__WORKING DATA__.
══════
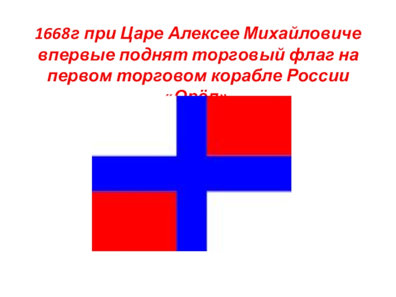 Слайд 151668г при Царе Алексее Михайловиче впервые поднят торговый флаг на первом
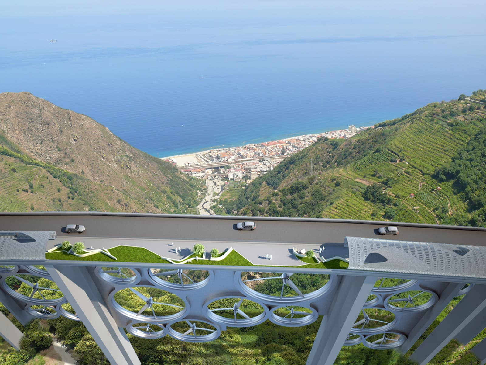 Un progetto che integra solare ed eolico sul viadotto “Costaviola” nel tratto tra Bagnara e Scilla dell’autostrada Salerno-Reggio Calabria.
══════
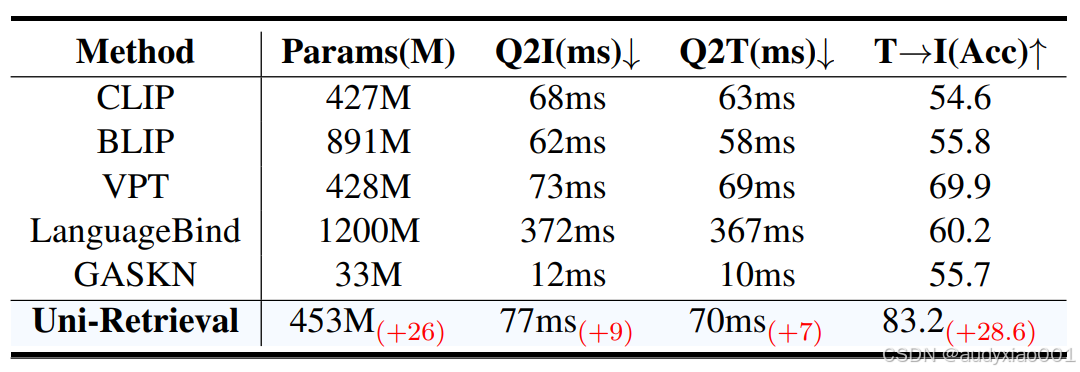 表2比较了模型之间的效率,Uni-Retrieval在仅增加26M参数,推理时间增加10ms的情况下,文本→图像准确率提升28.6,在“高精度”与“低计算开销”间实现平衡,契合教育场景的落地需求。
══════
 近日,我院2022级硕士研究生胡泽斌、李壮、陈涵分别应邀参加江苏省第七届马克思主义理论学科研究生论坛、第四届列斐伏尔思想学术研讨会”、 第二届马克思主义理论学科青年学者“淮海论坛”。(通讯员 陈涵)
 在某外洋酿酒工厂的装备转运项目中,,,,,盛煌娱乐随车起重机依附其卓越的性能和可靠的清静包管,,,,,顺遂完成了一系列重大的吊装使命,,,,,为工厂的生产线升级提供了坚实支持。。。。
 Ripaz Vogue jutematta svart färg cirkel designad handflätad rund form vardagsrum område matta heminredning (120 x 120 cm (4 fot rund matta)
══════
__YOUR OBJECTIVE__. Take the material above and output only the lines from the one that contains "Слайд 151668г при" through the one that contains "Un progetto che", ends included and images left out.

__THE COMPLETED TASK__.
 Слайд 151668г при Царе Алексее Михайловиче впервые поднят торговый флаг на первом
 Un progetto che integra solare ed eolico sul viadotto “Costaviola” nel tratto tra Bagnara e Scilla dell’autostrada Salerno-Reggio Calabria.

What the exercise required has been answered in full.